The workflow-vs-agent decision
**Workflow:** Code picks the next step. The LLM is called at specific predefined points; each call's output feeds a specific next step encoded in code. Failure modes are deterministic + debuggable. Per Anthropic's building effective agents guide at anthropic.com, most production LLM systems should be workflows.
**Agent:** LLM picks the next step. The LLM has tool access + a goal + the autonomy to decide what to do next. Failure modes are non-deterministic. Per the Anthropic guide, agents trade reliability + cost for flexibility — only use when the flexibility is necessary.

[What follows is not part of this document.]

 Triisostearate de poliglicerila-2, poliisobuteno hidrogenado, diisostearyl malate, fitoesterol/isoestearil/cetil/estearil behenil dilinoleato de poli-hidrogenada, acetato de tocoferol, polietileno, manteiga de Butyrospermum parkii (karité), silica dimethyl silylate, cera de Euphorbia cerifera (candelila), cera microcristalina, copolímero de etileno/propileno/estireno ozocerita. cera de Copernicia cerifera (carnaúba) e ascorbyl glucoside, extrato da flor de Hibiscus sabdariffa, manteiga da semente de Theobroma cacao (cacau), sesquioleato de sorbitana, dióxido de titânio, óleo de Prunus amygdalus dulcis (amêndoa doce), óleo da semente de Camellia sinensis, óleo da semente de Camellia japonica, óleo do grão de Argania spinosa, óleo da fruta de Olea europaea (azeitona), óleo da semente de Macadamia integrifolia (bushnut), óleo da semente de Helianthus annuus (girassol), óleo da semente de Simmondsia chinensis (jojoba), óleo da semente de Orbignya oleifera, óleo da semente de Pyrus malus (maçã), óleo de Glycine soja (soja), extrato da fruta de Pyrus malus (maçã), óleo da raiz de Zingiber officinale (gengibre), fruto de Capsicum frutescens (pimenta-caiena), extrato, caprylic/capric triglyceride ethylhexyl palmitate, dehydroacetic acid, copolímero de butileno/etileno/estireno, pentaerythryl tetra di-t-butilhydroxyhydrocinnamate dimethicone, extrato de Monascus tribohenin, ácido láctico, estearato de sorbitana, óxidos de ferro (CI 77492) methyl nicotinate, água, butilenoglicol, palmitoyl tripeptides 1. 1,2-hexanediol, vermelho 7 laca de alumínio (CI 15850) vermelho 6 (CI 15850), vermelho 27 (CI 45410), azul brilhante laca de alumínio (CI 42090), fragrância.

**The decision rule:** Per Anthropic's guidance + production experience reflected in AutoGen's documentation at microsoft.github.io/autogen and LangGraph's docs at langchain-ai.github.io/langgraph, choose workflow when the task structure is known in advance; choose agent when the path through the task can't be predicted.

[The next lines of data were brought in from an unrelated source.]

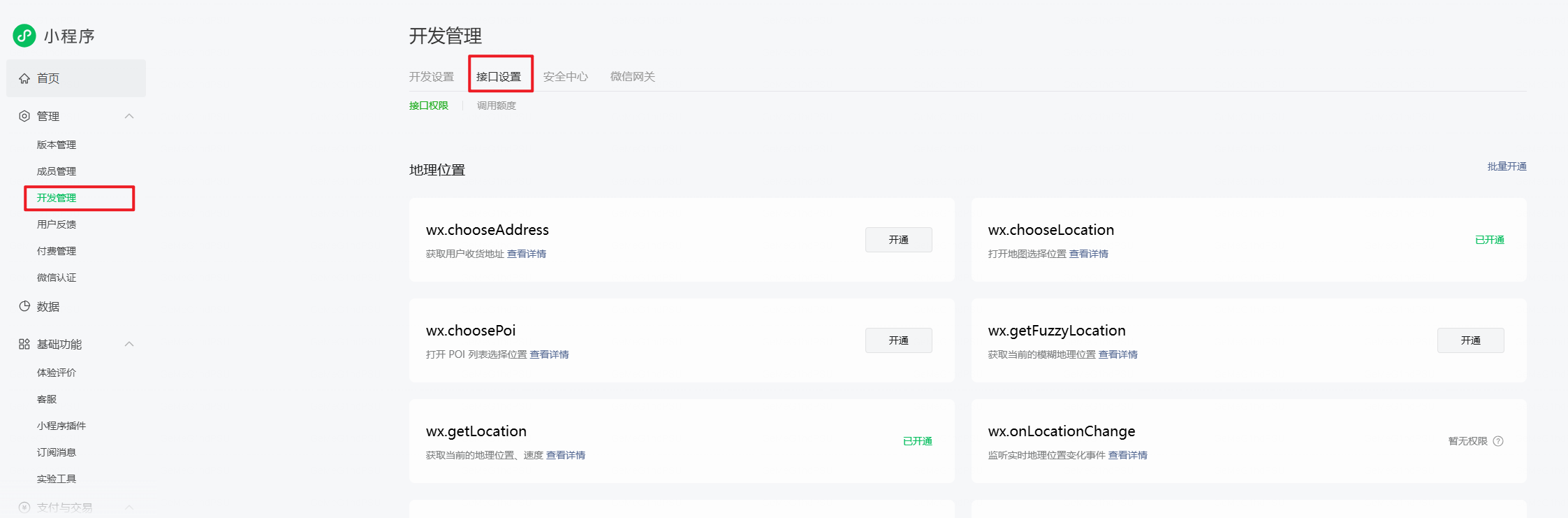 为什么我的小程序后台没有位置服务管理入口 AppID:wxcbf54daad9b77e31
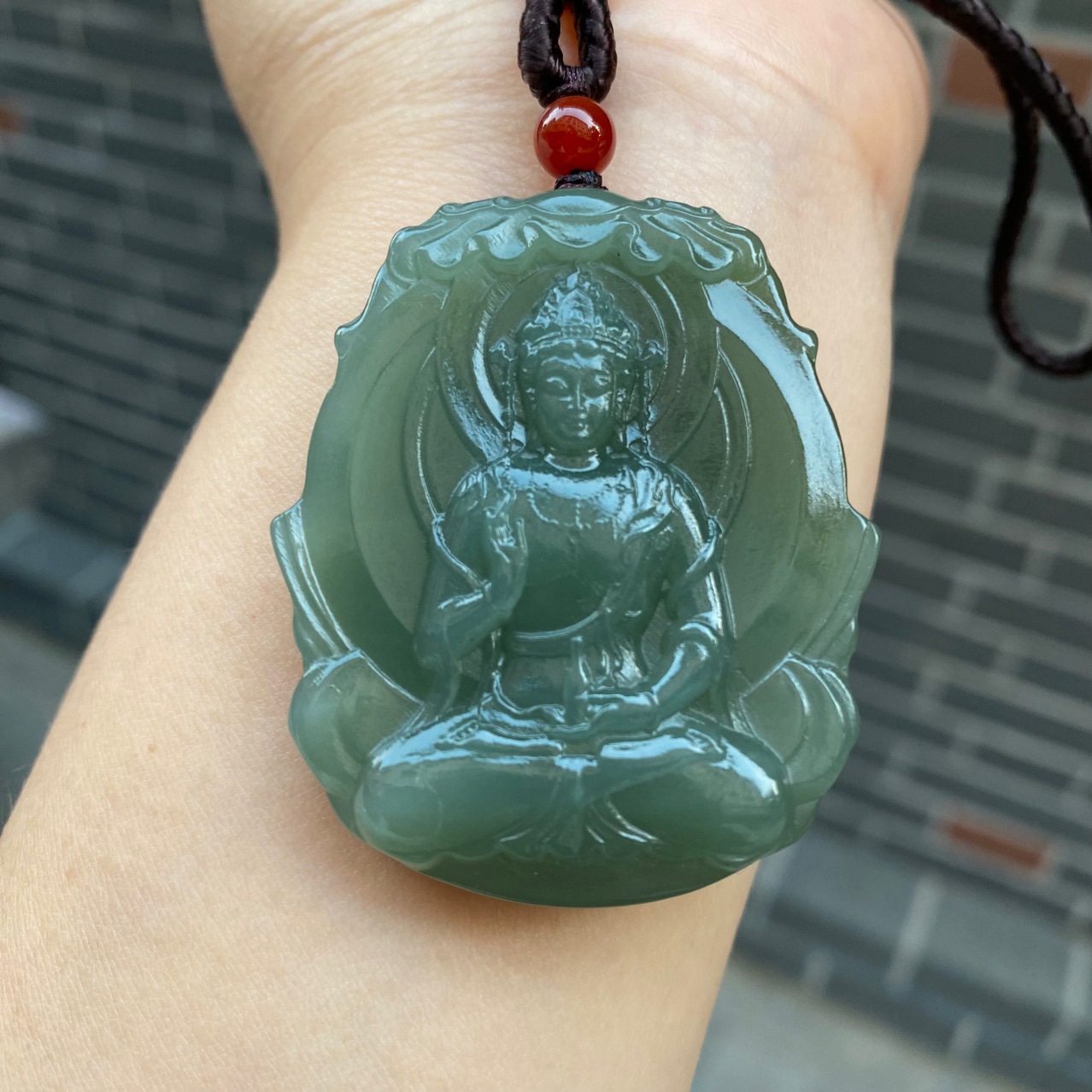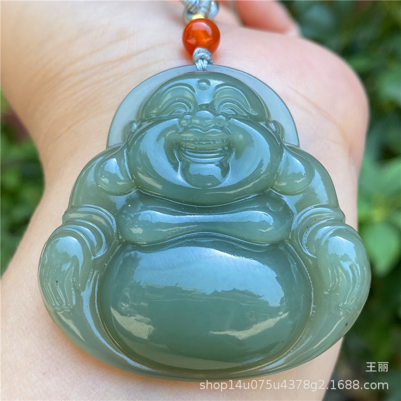 天然和田玉弥勒仏ペンダント大腹仏晴水笑仏公ネックレス玉仏玉佩湖水緑女プレゼント
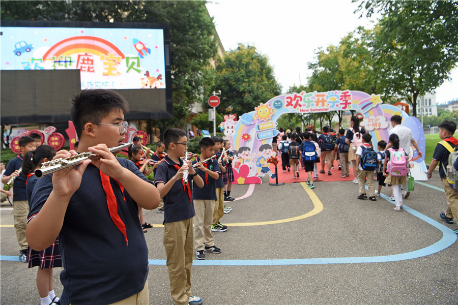 2025年9月1日,安徽省淮南市淮師附小山南第十五小學的學生開心地走進校園,迎接新學期的到來。當日,是秋季開學第一天,各地學校通過多種形式迎接開學季的到來。
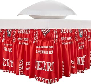 MEILA クリスマスデコレーション ベッドスカート 取り付け簡単 ダストラウンドラッフルレッドスカート ツイン/フルサイズベッド用 16インチドロップ
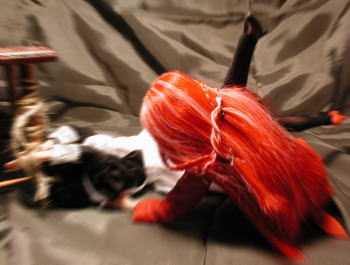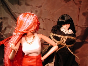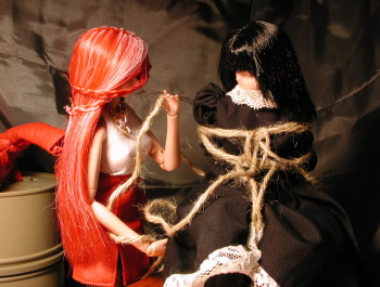 | 苺:馬鹿にするんじゃないよ!!(ーーメ 初子:あん・・・そんなに乱暴にしたら余計に解らなくなっちゃいますヨ? 苺:うるさい!大体何で私がオマエに縛り方を教わらなけりゃならないんだよ!?そもそも何だって縛り方なんて知っているんだい!?ガキのクセに! 初子:だってぇ〜♪・・・ユキさんがよくこうやって三角のお馬さんに乗っけて遊んでくれるの♪♪ 苺:・・・ちょっと待て(^^; 初子:はい? 苺:オマエはいつもこういう事ばっかりされてるのかい? 初子:えへへ〜♪・・・まぁ・・・ 苺:・・・・(もしかして物凄く可哀想な娘なのか?) 初子:あの・・・何か? 苺:ちっ!洒落にならないか・・・(しゅるる・・・) |
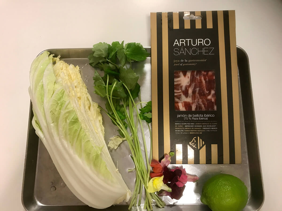 - 器に白菜と生ハムを盛り付け、刻んだ三つ葉とエディブルフラワーを乗せ、ライムを絞って完成です。
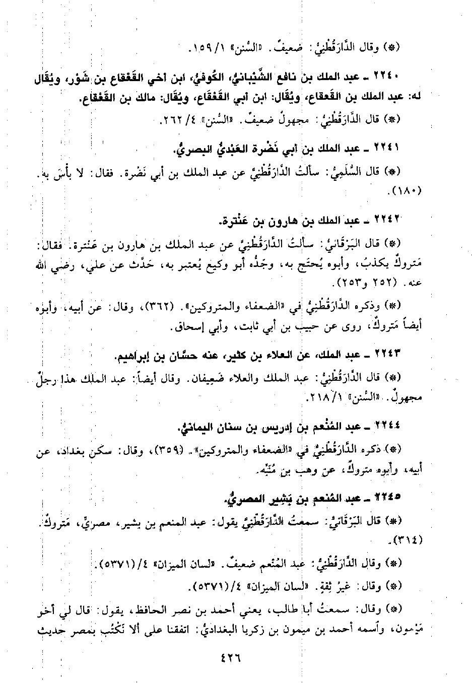 • قال الدَّارَقُطْنِيّ: عبد الملك والعلاء ضعيفان، وقال أيضًا عبد الملك هذا رجل مجهول. «السنن» 1 218.
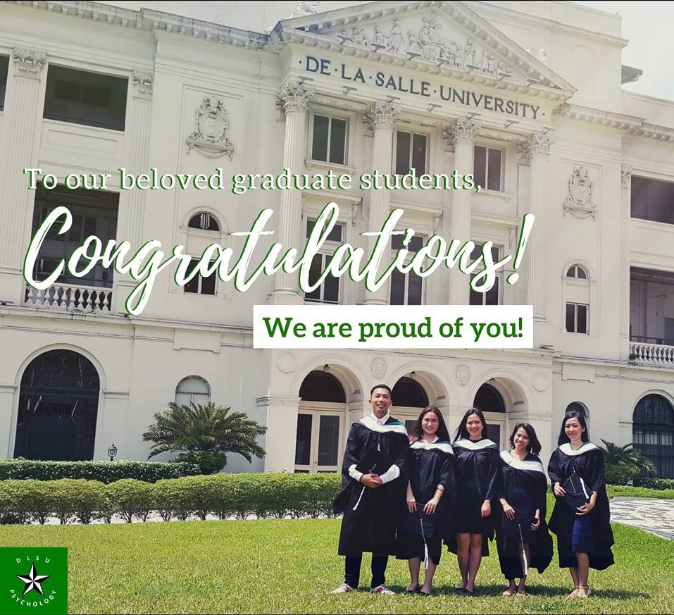 Pub by: Angela Lorraine CunananTo our beloved graduate students, we give our warmest congratulations ! You have made us in the psychology department very proud. We wish you all the best for the future. Hats off the graduate! 💚🎓

**The trap:** Frameworks make agents easy to spin up — `Agent(tools=[...]).run(task)`. The ease hides the cost: agents are 3-10× more expensive (more LLM calls + larger prompts), 2-5× slower (more sequential reasoning), and harder to debug (non-deterministic execution paths). Per arxiv research on multi-agent systems, 60-80% of 'agent' use cases would have been better served by a workflow.